Every time I eat lettuce from my garden I give it a cursory check for wee beasties (I am a vegetarian after all) uuurp… gah… this brings to mind a horror trash novel I read as a teen called (i think) Slugs! amongst all the slugs eating people horror some bloke ate a bit of slug in his chopped lettuce and had some sort of giant parasite eat its way out of one of his eyeballs via his brain
Slugs are the holders of my “Least Useful Creature In The Known Universe” title.

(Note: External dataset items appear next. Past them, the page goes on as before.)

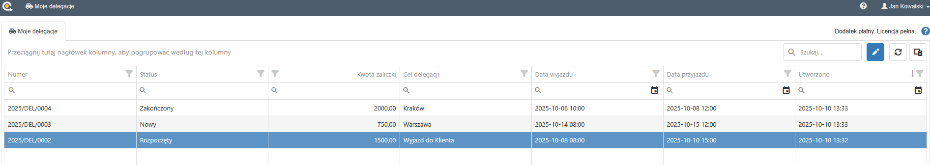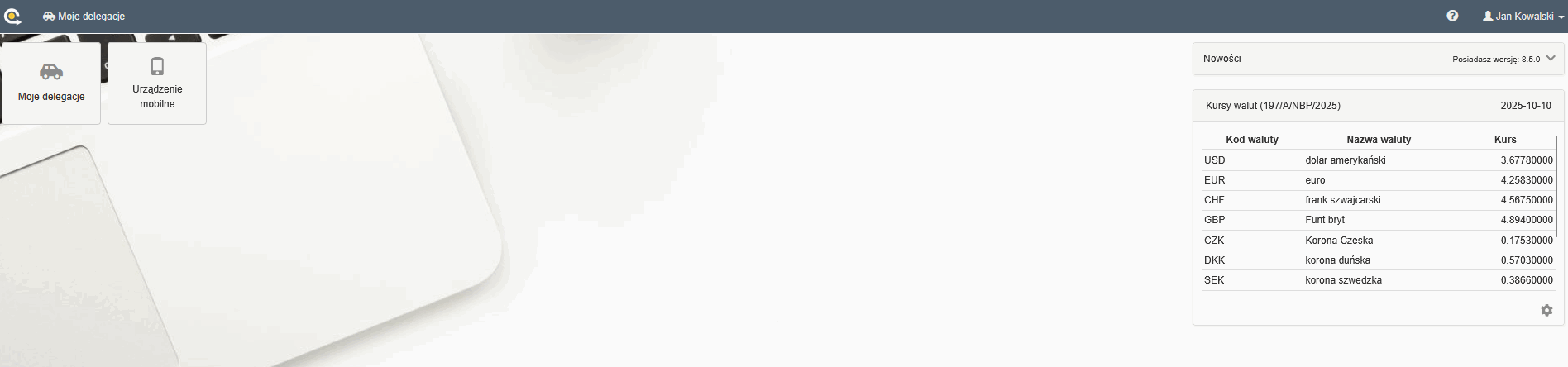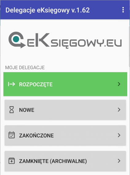 Na ekranie głównym użytkownik może zobaczyć wszystkie swoje delegacje, podzielone ze względu na odpowiedni status.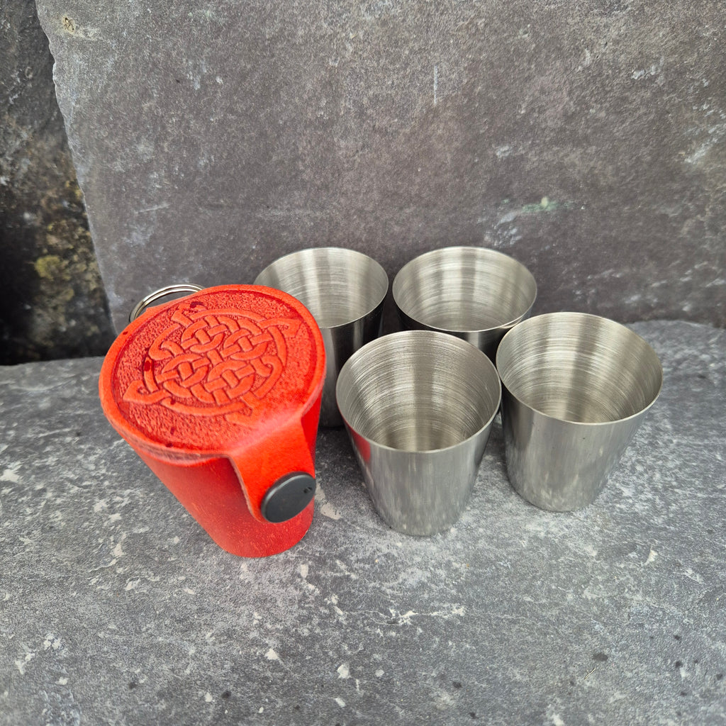 The Leather case is 5.5cm tall, cups hold 30ml each. ( See photo of yellow set for scale)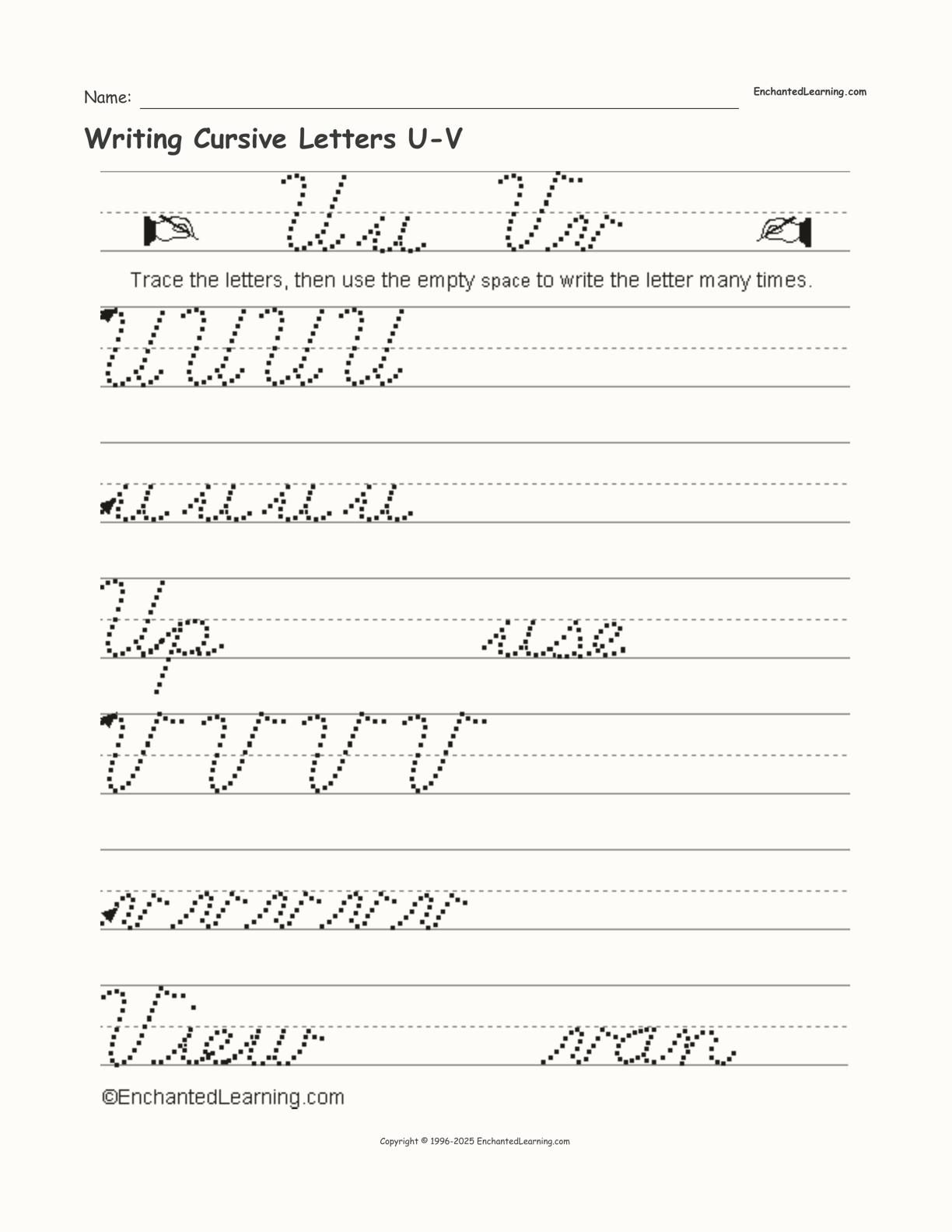 This is a printable worksheet of ‘Writing Cursive Letters, U-V’, perfect for practicing cursive.

I mean, wtf is the point of them? What do they do apart from [DEL]swarm[/DEL] ooze from wherever they live everytime it has rained, and wander aimlessly beneath bicycle wheels and pedestrians feet?
They say everything is part of the food chain, but apart from that idiot in the OP, I don’t know anything that eats slugs. I once watched a hedgehog walk past 10 big, fat ones and start chewing on a bottle top.
When I wrote about eating snails from my garden, I had quite a few people contact me to ask about slugs, but I understand they’re pretty horrible - lacking a shell for defence, they compensate with copious slime and bitter-tasting secretions.
Hugh Fearnley-Whittingstall experimentally ate them prepared in a number of different ways on one of his River Cottage shows, with the most palatable presentation being some sort of fried thing made from potatoes, flour, onions and sligs - the people who tasted it said it was reasonably pleasant, but would be improved by simply leaving out the slugs.
I’m not in any kind of hurry to replicate or extend his experimental work.
I wonder what kind of cool diseases you could get by eating the giant black slugs they have in Scotland (my rental car was nearly eaten by some when I was stopped by the roadside with what I believe the locals call a “tyre puncture”).
I used to work with a guy who, when he was a kid, made salt mazes for slugs. He also used to mic up nitro glycerine and freeze vials into ice cubes and space them out on a street on a hot Summer’s day.
Kyla, omg. Now I’m even more jealous of you than I already was. I tried to convince my husband to move out to the West Coast so I, too, could be a Banana Slug, but he stubbornly insisted he has to finish his degree here in Jersey.
Raccoons do, for one. Sometimes in the early morning I see them out on the lawn darting from place to place, grabbing a slug, hauling it over somewhere there’s dirt, rolling it in the dirt, and then chowing down. Presumably they roll them in the dirt to counteract the slime.
I am trying very hard, but I do not think I can imagine a single circumstance in which an idea concluding with these words could possibly be false.